Diddums

Senior MPs and Foreign Office officials have raised concerns about the UK’s ability to conduct its next six-month presidency of the EU – scheduled for the second half of 2017 – because it is likely to coincide with an in/out referendum if the Tories win the next general election.

We mustn’t decide our own future because it will embarrass the mandarins.

Fuck ’em.

9 thoughts on “Diddums”

  1. Referendum would turn UK’s presidency of EU into a ‘farce’

    Farce is business as usual in the EU though.

    the issue is already causing headaches within the Foreign Office, which is in the initial stages of planning the next UK term as president, amid growing uncertainty about whether the country will even be in the EU after 2017.

    If the Foreign Office was infiltrated and co-opted by our enemies, how would we be able to tell?

    the ability of UK ministers to serve as neutral chairpersons of EU meetings would be in serious question.

    I think I see the problem here. Some wibbling idiots have inserted the customary loony-pencils too far up their nasal passages, and the eraser tips are tickling their brains.
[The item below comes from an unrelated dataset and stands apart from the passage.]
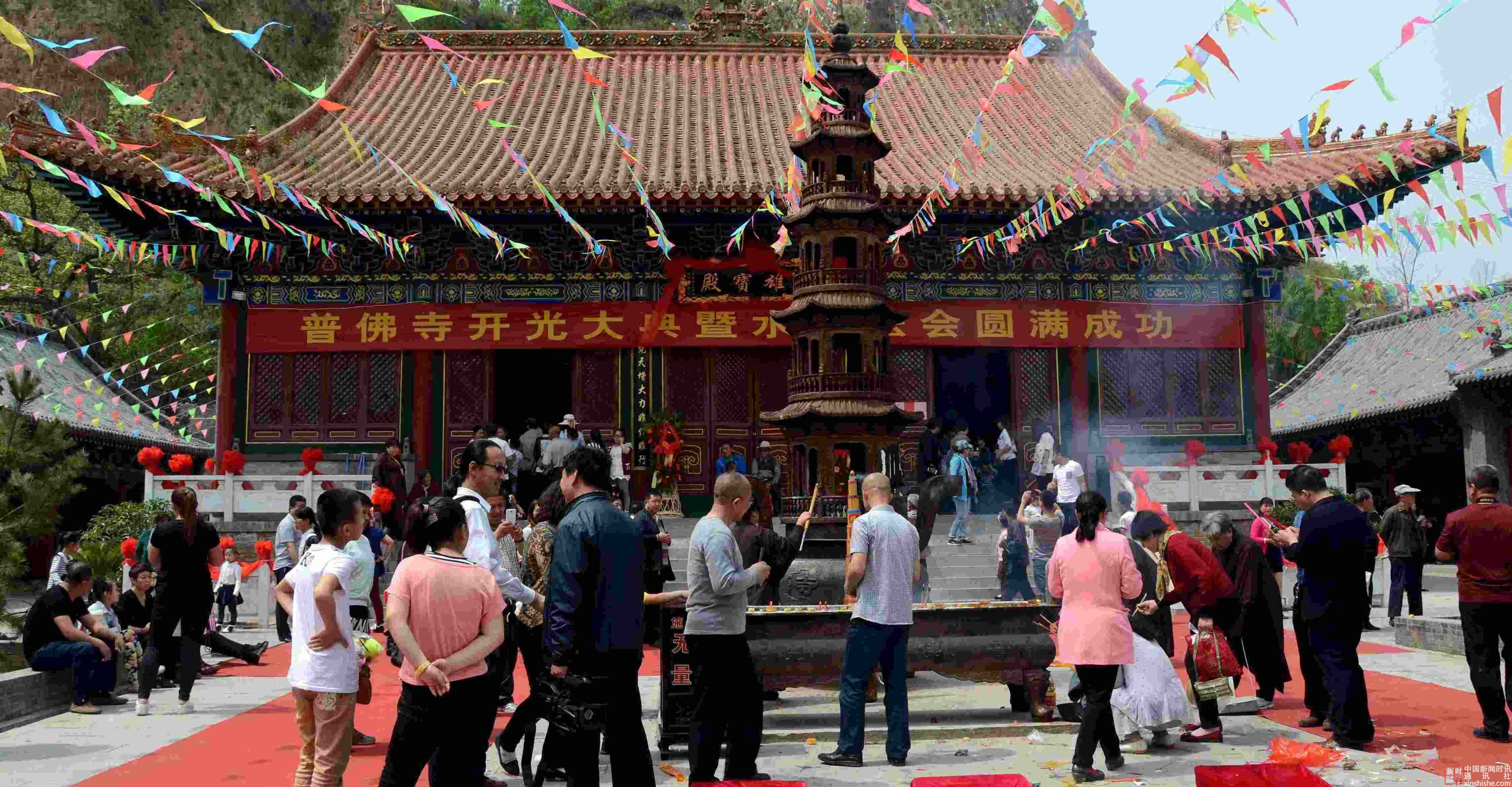玉泉山历史悠久、文化灿烂,东周列国时,中原八个诸侯国曾在此会盟;明朝末年,闯王李自成曾率农民起义军来到玉泉山拜祷。普佛寺坐落在玉泉山上,依山势而建,布局严谨,层次分明,错落有致,建筑宏伟,古朴典雅,堪称古建筑中的精品,周围山峦起伏,绵延数十里。寺院兴建于南北朝,距今有1500多年历史,原名静乐寺,历经元、明、清多次修葺和扩建,寺院规模宏大,占地50余亩,有各种建筑200余间,分上、中、下三院。寺内殿阁巍峨,金碧辉煌,法象庄严,佛教气息浓郁,各殿之间迂回曲折,小径通幽,漫步寺间,听飒飒松风,给人一种静寞幽深的感觉。

    You don’t actually have to be “neutral”, you maroons. Just say you are while advancing your own agenda to whatever extent you can. Like what France and every other country worth its salt does.
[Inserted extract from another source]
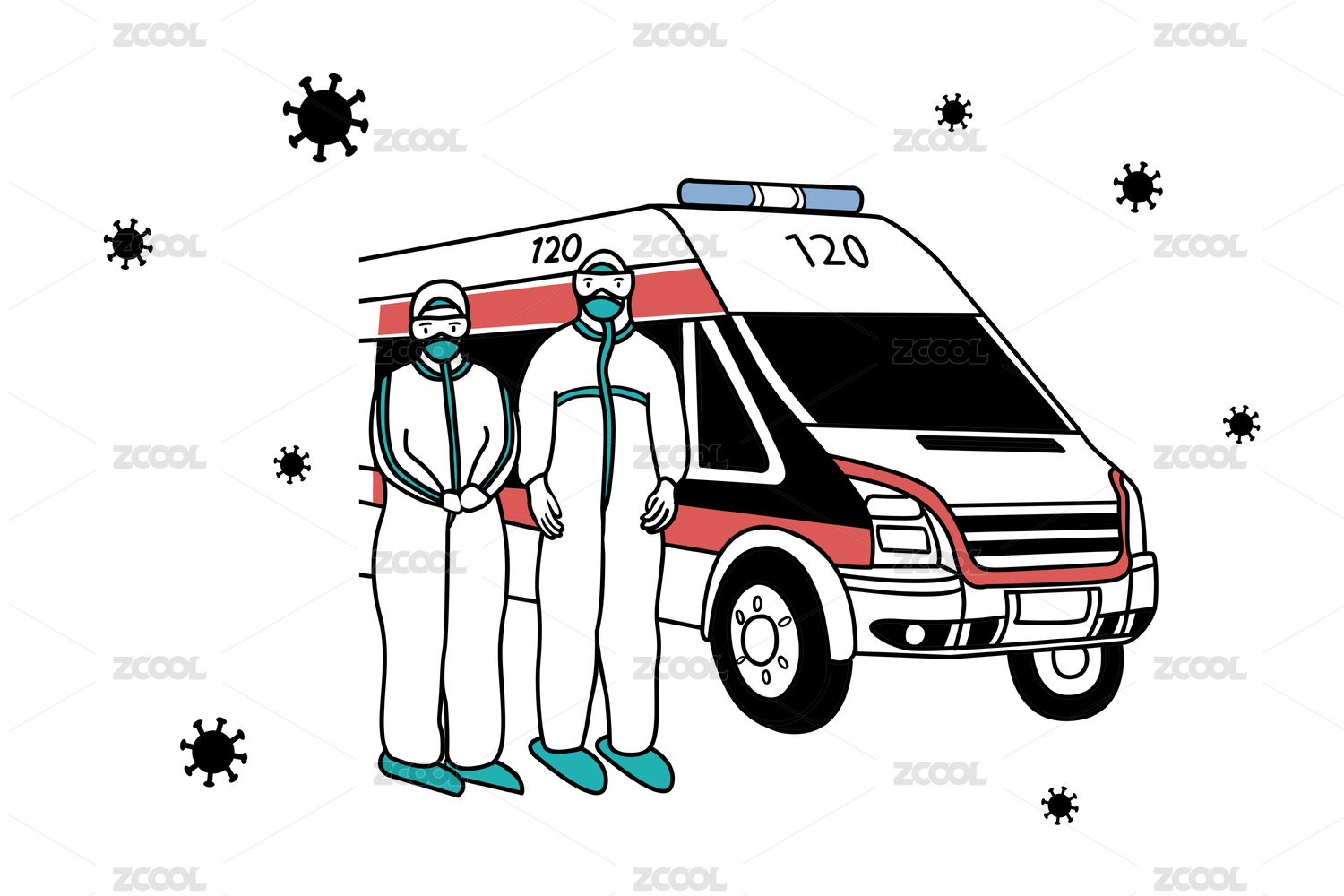 抗肺炎醫(yī)護(hù)人員120救護(hù)車急救插圖

    Seriously, how the hell do you get to be a “mandarin” without mastering double-talk and hypocrisy?

    if the prime minister finds himself recommending a British exit it will be unworkable

    If David Cameron finds himself caught up in the misadventures of a group of time travelling dwarves like in Time Bandits, that might be unworkable too.

    Sir Menzies Campbell, the former Liberal Democrat leader and a member of the foreign affairs select committee, said

    Arg blarg! Federal Europe! Snarg.

    Cameron has made clear in recent months that, if he cannot renegotiate the UK’s membership, including changes to the EU’s founding principle of “freedom of movement”, then he may be prepared to recommend an exit in a referendum.
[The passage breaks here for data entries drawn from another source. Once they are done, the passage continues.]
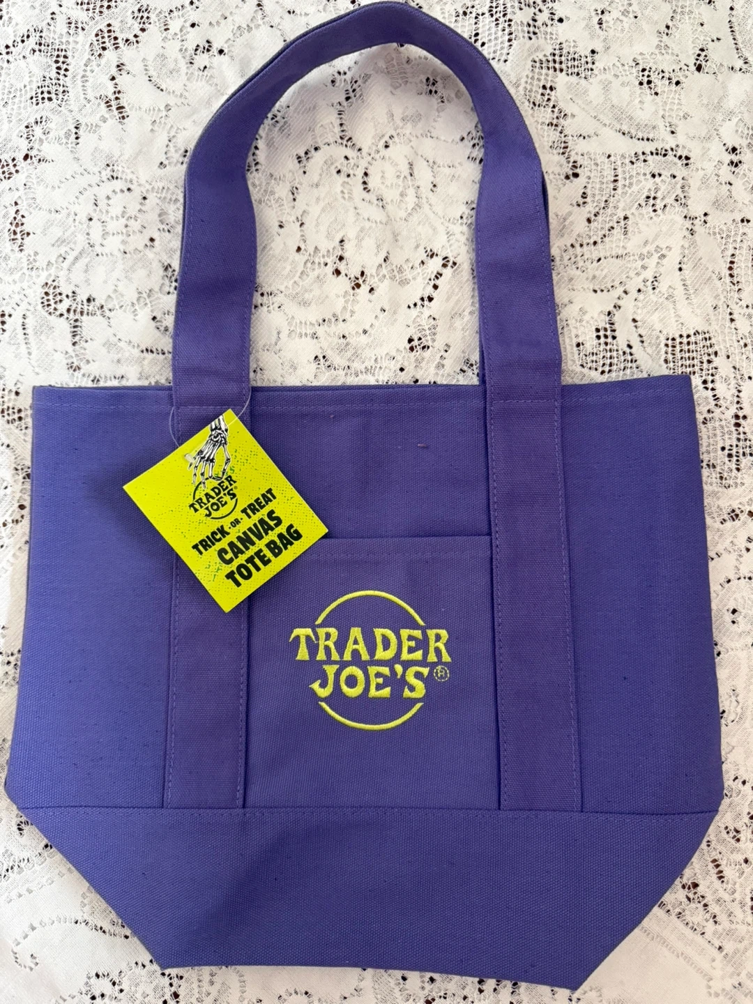 ❣️❣️The Halloween "Trick or Treat" note applies only to the DETACHABLE PAPER TAG, meaning the bag is perfect for year-round use-for groceries, books, lunch, or a purse!
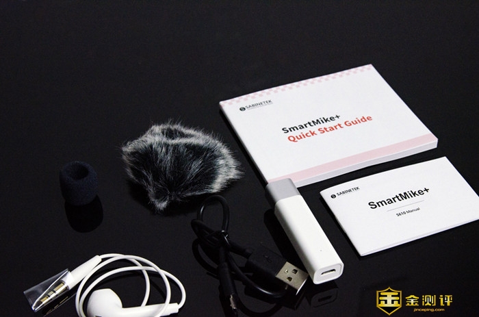 将产品从包装内取出,可以看到这款塞宾智能无线麦克风的配件很多,包括防喷绒毛罩、防风罩、智麦SmartMike+主机、单边耳机、USB充电线、收纳袋以及说明书等,这里来张全家福。
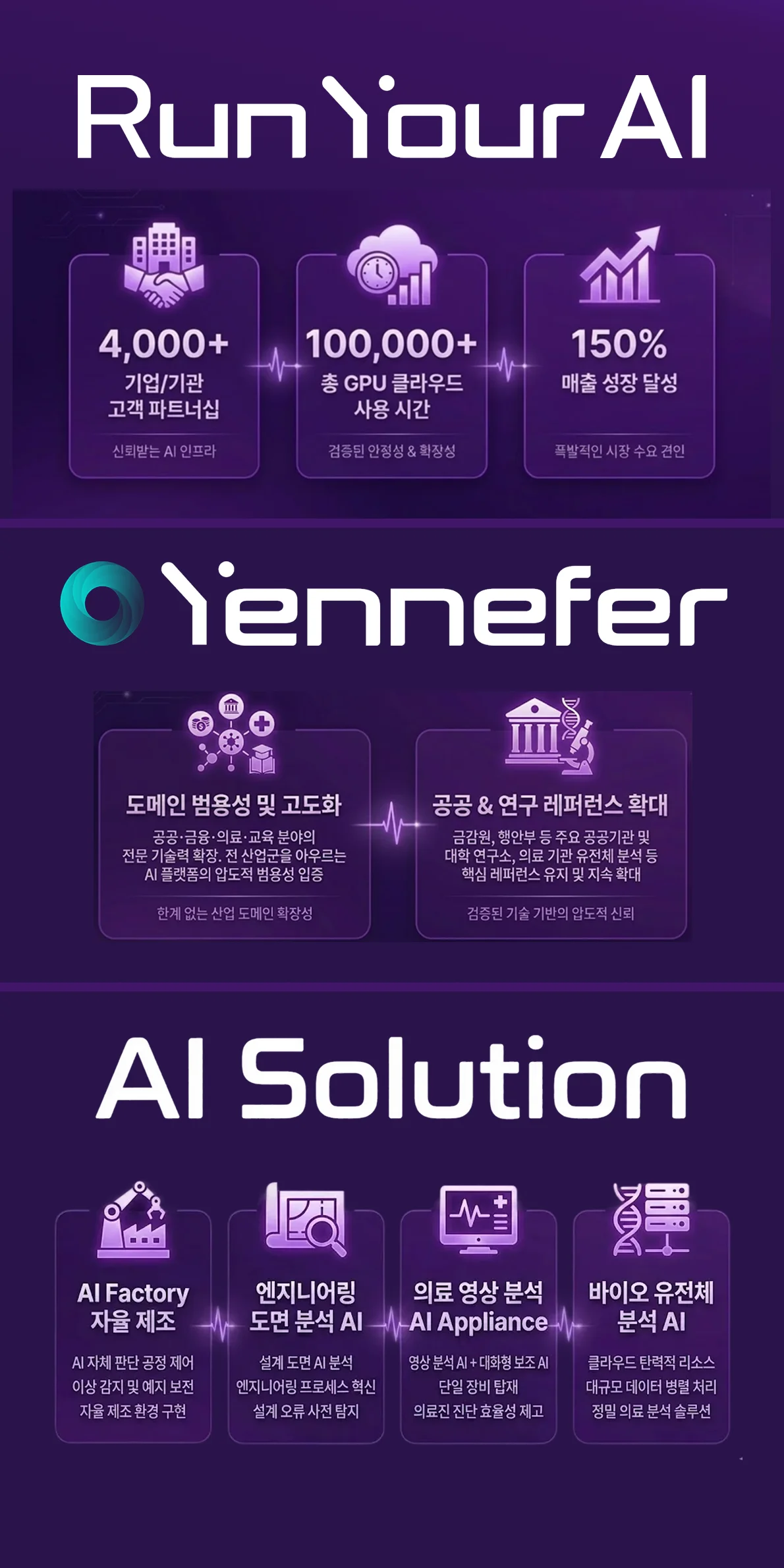 2026 비전: '예니퍼 SaaS'화를 통해 중소규모 B2B 시장과 개인용 B2C 시장까지 영역을 넓힙니다. 또한, 의료·바이오 분야의 암 정복 실증 연구 등 고난도 과제에서 확보한 데이터를 바탕으로 특정 도메인에 최적화된 '버티컬 AI 플랫폼'으로서의 입지를 공고히 하겠습니다.
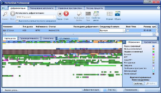 Данные в этой таблице отображаются в виде разноцветных квадратиков, расшифровку цвета которых можно посмотреть в главном окне PerfectDisk. Стоит отметить довольно быструю работу утилиты. Это связано с тем, что используется однопроходный метод дефрагментации с учётом S.M.A.R.T. данных винчестера. Может дефрагментировать не только локальные диски, но и с сетевые, причем в этом случае для облегчения настройки заданий используются профили сетевого планирования дефрагментации и полностью настраиваемое протоколирование работы. Поддерживаются работа с RAID-томами.
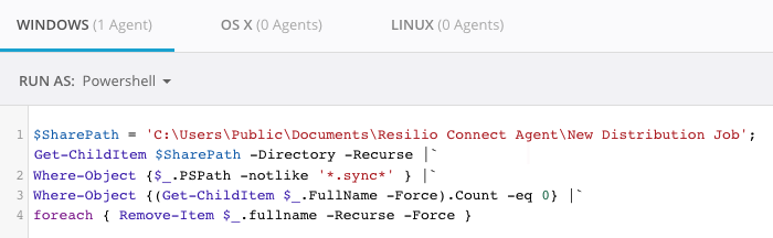 Resilio Connect v2.5.2 and newer gives the choice of shells for executing scripts - either in transfer jobs or in a Script job - Powershell and CMD for Windows, Shell for unix. For each platform custom shell is also available.
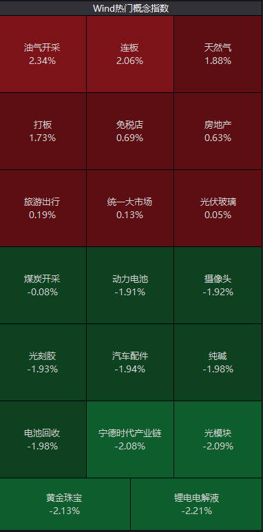 截至发稿,飘红个股已超千只,但仍有3700+个股飘绿。油气开采、天然气、房地产、国防军工等板块有所回暖,锂电、黄金珠宝、动力电池等板块仍走低。

    He also hasn’t ruled out finding that wardrobe that leads to Narnia.

    Let’s have a bit of perspective though. The presidency of the Council of the European Union is so important that, for the coming year, it will be held by Latvia and then Luxembourg.

    Which is to say it matters about as much as who gets on the judging panel for Strictly Come Dancing. Except that judges on Strictly get to take actual decisions.

  2. Steve good point,

    Either it doesn’t matter because every flag gets an equal crack irrespective of population size. Or it does matter and everyone pushes their agenda for all its worth. Well if its the first – UK referendum and UK presidency don’t collide as you say.
    If its the second, the UK referendum doesn’t change anything because UK get to push its agenda for all its worth and the mandarins can do what they are told.
    That said I can still understand why this will be a ‘thing’. It can vbe spun all sorts of different ways.

  3. ‘Senior MPs and Foreign Office officials have raised concerns …’

    via google translate:

    One or two Foreign office staff have unethically, anonymously and possibly illegally colluded with a handful of superannuated politicians to shout ‘the sky is falling’ for their own personal political agenda.

  4. In other slightly related news, an extreme left party is likely to win an impending snap election in Greece. Happy times.

    Though the BBC rather coyly refers to them as ‘radical’.

  5. Rob: I think that Putin must be monitoring this blog because fred suggested precisely this type of covert intervention by the rusks* in the Vova thread yesterday.

    *UKIP approved terminology

  6. @ Steve
    It was: Burgess and Maclean were foreign office officials during WWII and throughout the Attlee government.

  7. Hallowed Be – It can vbe spun all sorts of different ways.

    Yes. Pretty much any action or inaction of government can be spun.

    If I was David Cameron – and I’m assuming he actually wants to hold his promised referendum here – I’d just shrug, smirk, and say something along the lines of “Nah” when the inevitable accusations are made about a conflict of interests. Basically deploy a British translation of Ronald Reagan’s famous “there you go again…” put-down.

    The tendency of modern politicians to frantically spin and counter-spin, to be obsessively on message and po-faced at all times, is counterproductive. Usually trivial stuff like this only becomes an issue when you permit yourself to get dragged into convoluted denials.

    The man in the street doesn’t actually know or give a fuck about which country holds the presidency of the Council of the European Union, or indeed half the other “issues” that government spokesmen feel compelled to pop up and react to on a daily basis like pinstriped jack-in-the-boxes.

    So Cameron should give amused mastery a try: next time the Beeb, or Labour, or the Guardian, accuses him of some horrible misdeed, just give them the brush off and react as if their accusation is silly and juvenile. Don’t take them seriously: they *hate* that, and voters inclined to support the Conservatives would love it.

    john77 – if only it was limited to them.